In Recent Past, Thomas reports from the frontlines of art, the texts rich in observed detail that anchors the reader to the moment. The maverick intelligence of ‘Greenberg in Sydney: The Sharpest Eye in the West’, published in 1968, was so candid that it upset the visiting American critic; ‘Museum Pieces 3: 3D TV, 1973’, published in 2004, recounts the celebrated scandal of Tim Burns’s work in Recent Australian Art in 1973; and ‘Art & Life: The Actuality of Sculpture’, an important essay from 1976 about the ephemeral forms of art then becoming central to contemporary art, should be required reading for any course about Australian cultural history, including in high schools. Equally important is an insistence on attending to the overlooked, the out of fashion, like the Tasmanian portrait painter Owen Lade; the 1973 essay on David Strachan is a revelation – comprehensive, empathetic, imaginative; the text on Weaver Hawkins shows how important it is to work against taste, engaging with work on its own terms. Despite his habitually lively sympathy, when Thomas is made dyspeptic by carelessness, or wrong-headedness, we hear about it. ‘Fourth time unnecessary?’ he asks when reviewing the latest edition of Bernard Smith’s Australian Painting 1788–2000; and there is a hilarious admonition of the National Library of Australia for its slack editing of Hazel de Berg and Geoffrey Dutton’s 1992 Artists’ Portraits.
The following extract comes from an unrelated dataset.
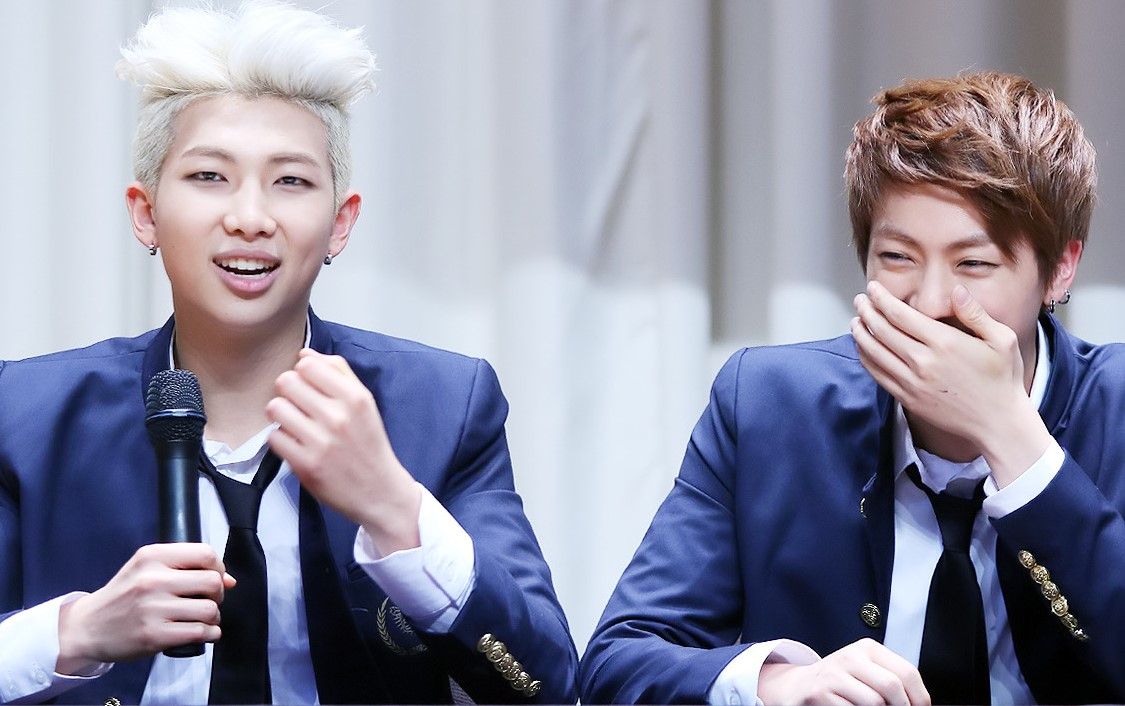 Bangtan Boys at a fanmeet in Yongsan on February 23, 2014.
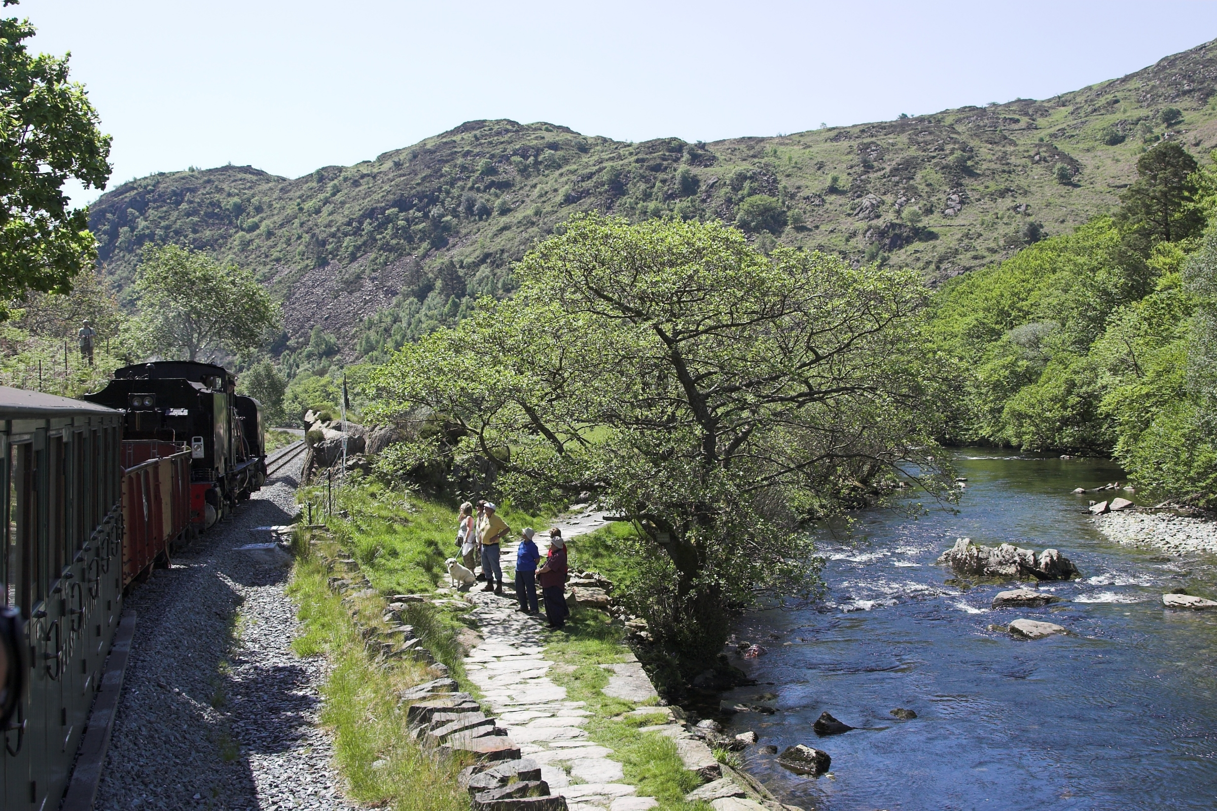 A train of the Welsh Highland Railway entering the Aberglaslyn Pass section, seen from the train. This picture was taken from the open observation car.

The writing is frequently amused, in a dry, worldly way, more often passionate. Perhaps all anthologies are biographies, but Recent Past reveals this more than most, partly through contemporary marginal notes, but mostly through the unfolding throughout of Thomas’s life: his Tasmanian origins; his appreciation, as a countryman first and last, of farming and labour; an undiminished love of country; and a certain unpretentiousness allied with confidence (born of privilege, it’s true). Summary, incisive, generous, Thomas is always, most importantly, interested in what he sees as speaking to Australian experience, whether Rosalie Gascoigne’s evocation of the Monaro or Christo’s 1968 Wrapped Coast.

I waited decades for this book. A few quibbles aside – the unexplained use of the almost-illegible 1973 typeface for title pages, some less than sharp illustrations – it has more than exceeded expectations. Recent Past: Writing Australian art is not only a guide to what has been, it shows how those of us writing about art in Australia might address the future. Essential reading.

 


Correction: An earlier version of this review incorrectly referred to David Strachan as David Strahan.